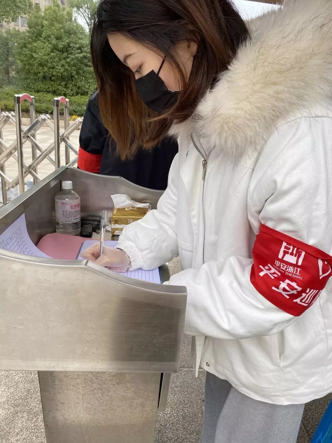 竺芯伊说:我负责的任务是在小区门口站岗,对进入小区人员的基本情况进行登记、测量体温,并对体温异常者及时上报。疫情当前,全国各地党员干部都战斗在防控疫情的一线,用坚守诠释了共产党人的初心与使命。而我作为一名预备党员,有责任、有义务为社区做些力所能及的事。用自己的实际行动向党组织靠拢,在抗击疫情工作上尽一份绵薄之力。
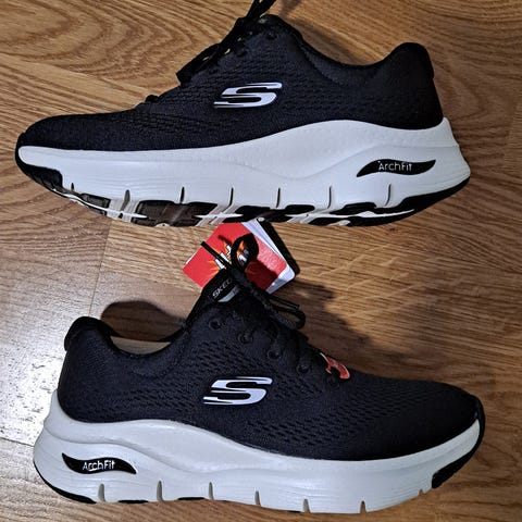 Skechers tennarit, koko 36. Väriltään mustat valkoisella pohjalla. Nauhallinen malli; nauhat vain koristeena, jossa pehmustettu sisäpohja. Sopivat arkikäyttöön ja kevyeen ulkoiluun. Slip in, eli helpot laittaa jalkaan, vähän käytetyt viime kesänä hankitut.
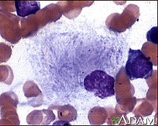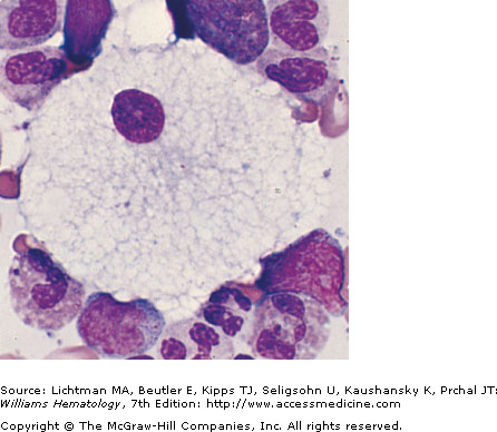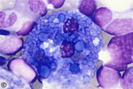 Sea Blue Histocyte -histocyte filled w globules of ceroid, an insoluble lipid pigment representing undigested globosides from cell membrane
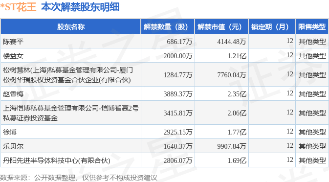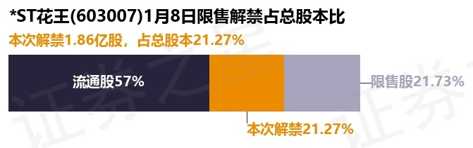 *ST花王(603007)1.86亿股限售股将于1月8日解禁,占总股本21.27%

--------

◆ **Exercise description**: Repeat the data exactly as given. Keep every picture out of the copy.

◆ **Answer for this exercise**:
 竺芯伊说:我负责的任务是在小区门口站岗,对进入小区人员的基本情况进行登记、测量体温,并对体温异常者及时上报。疫情当前,全国各地党员干部都战斗在防控疫情的一线,用坚守诠释了共产党人的初心与使命。而我作为一名预备党员,有责任、有义务为社区做些力所能及的事。用自己的实际行动向党组织靠拢,在抗击疫情工作上尽一份绵薄之力。
 Skechers tennarit, koko 36. Väriltään mustat valkoisella pohjalla. Nauhallinen malli; nauhat vain koristeena, jossa pehmustettu sisäpohja. Sopivat arkikäyttöön ja kevyeen ulkoiluun. Slip in, eli helpot laittaa jalkaan, vähän käytetyt viime kesänä hankitut.
 Sea Blue Histocyte -histocyte filled w globules of ceroid, an insoluble lipid pigment representing undigested globosides from cell membrane
 *ST花王(603007)1.86亿股限售股将于1月8日解禁,占总股本21.27%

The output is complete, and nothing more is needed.